Building a “never trust” fortress around AI
The authors start from a security philosophy called “zero trust.” Instead of assuming that anything inside a company network is safe, zero trust treats every access attempt as suspicious. In the proposed design, outside clients must pass through an ESP32-based broker and then an ESP32-based security agent before they can reach AI models on a protected local network. Every request is checked for who is asking, what model they want, when they are asking, and from where. Access is narrow, time-limited, and tied to specific roles, so even if one part of the system is compromised, attackers cannot freely move sideways to other models or data.

Locks that survive quantum computers
To protect the messages flowing through this zero-trust gateway, the system relies on a family of techniques known as lattice-based post-quantum cryptography. Instead of today’s familiar number-theory puzzles, these schemes hide information in high‑dimensional grids of numbers that are believed to be hard to solve even for quantum machines. A key technical twist in this work is how the authors generate the “random-looking” numbers that drive encryption.

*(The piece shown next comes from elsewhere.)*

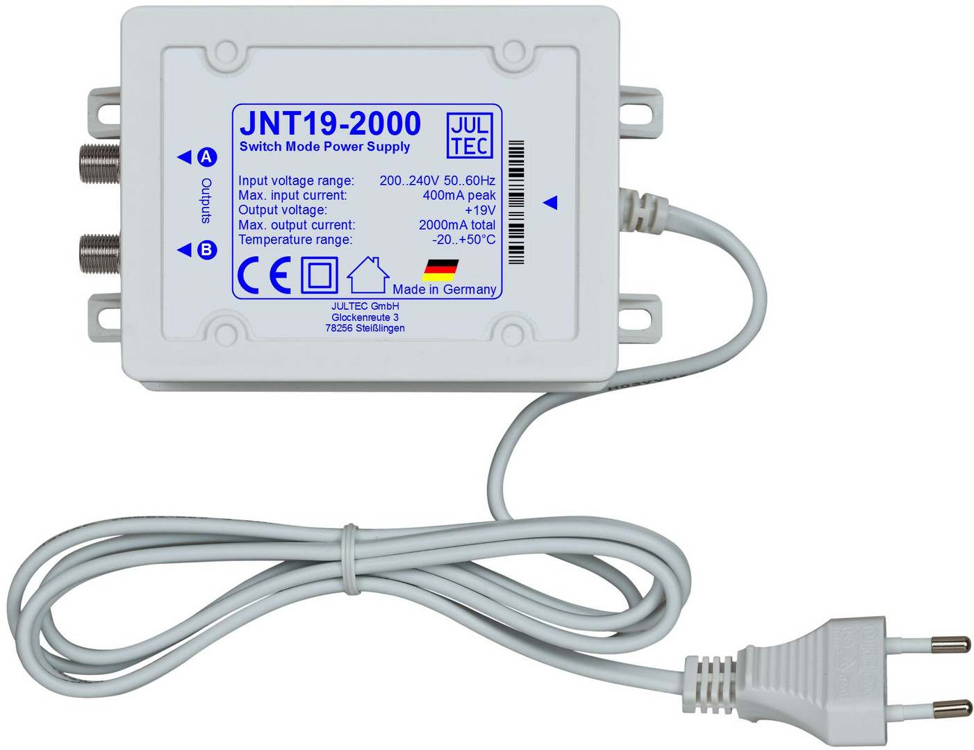 Schaltnetzteil zur Ergänzung der JULTEC-Verteilkomponenten. Das Netzteil ist dabei nicht nur mechanisch optimiert und für den Einsatz mit JULTEC-Komponenten maßgeschneidert, sondern besonders robust und langlebig ausgelegt. Darüber hinaus hält dieses Netzteil die strengen EMV- und Sicherheitsanforderungen der Antennenverteiltechnik und die EUP-Richtlinie (2019/1782) ein. Das Netzteil ist mit zwei gleichberechtigten F-Buchsen ausgestattet, so dass auch mehrere Geräte aus einem Netzteil versorgt werden können (z.B. ein "JPS" und ein "JAC"). Die Ausgangsbuchsen des Netzteils haben die gleiche mechanische Anordnung wie die Verteilkomponenten, so dass das Netzteil mit dem hochwertigen Schnellverbinder JFQ1 direkt auf ein Gerät aufgeschoben werden kann. Ebenso ist eine Verlängerung mit handelsüblichem F-Antennenkabel möglich. Die F-Anschlüsse sind beide HF-terminiert, d.h. mit dem Netzteil können Stammleitungen abgeschlossen werden (keine HF-Durchschleifung!). Verteilkomponenten, welche für den eigenen Betrieb ein Netzteil benötigen (z.B. Startverstärker JAL), werden immer mit Netzteil ausgeliefert.

Rather than using a conventional random-number generator, they start from a secret real number and expand it into a long digit sequence using a method called an Engel expansion, then further stir it with a chaotic map. This produces a stream of values that are structured enough to store and reproduce efficiently, yet unpredictable enough to withstand known attacks.
Turning deep math into a security blueprint
What sets this framework apart is its use of a branch of mathematics called category theory to describe the entire security workflow. Instead of focusing on low-level code, category theory treats each cryptographic operation—like key generation, encryption, or shuffling random sequences—as a kind of arrow between abstract objects, and treats security policies as higher-level mappings between these arrows. By organizing the system in this way, the authors can express important guarantees—such as “decrypting after encrypting gets you back the original message,” or “changing a parameter does not silently weaken security”—as simple diagram rules. This provides a rigorous checklist that helps ensure the design remains sound even as components are swapped or upgraded.

Making strong security work on tiny hardware
In addition to theory, the paper reports a full implementation on low-cost ESP32 microcontrollers acting as the broker and agent in front of AI services. Despite performing quantum-resistant encryption, the devices remain highly efficient: encryption takes about 11 milliseconds, decryption under 3 milliseconds, and memory use leaves over 90% of the free heap available after cryptographic operations. Power measurements show a steady baseline around 300 milliwatts with brief peaks under 500 milliwatts during intensive lattice computations, levels suitable for battery-powered sensors. In testing, the system blocked 100% of more than 1,000 unauthorized access attempts while adding less than a second to overall AI response time, most of which was spent on the models themselves rather than on encryption.
Preparing for future upgrades without breaking safety
The same mathematical framework also supports “crypto‑agility”: the ability to swap out one cryptographic building block for another—say, replacing today’s lattice scheme with a future standard—without redesigning the rest of the system from scratch. In the categorical view, each cryptographic algorithm is a pluggable module, and safe transitions between them are expressed as structured mappings that preserve security goals like confidentiality and integrity. This reduces the amount of code that must change and the amount of re‑testing required when new post‑quantum standards or hardware optimizations arrive.
What this means for everyday users
For non-specialists, the practical message is that strong, future‑proof security for AI does not have to be reserved for big data centers. By combining zero‑trust checks, quantum‑resistant math, and careful reasoning about how all the parts fit together, the authors show that even small, cheap chips can act as trustworthy gatekeepers for powerful AI models. Their prototype rejects every unauthorized request, keeps delays low, and can evolve as cryptographic best practices change. If adopted widely, approaches like this could help ensure that the AI services people rely on—from smart farming to medical monitoring—remain safe even as attackers and computing technology grow more sophisticated.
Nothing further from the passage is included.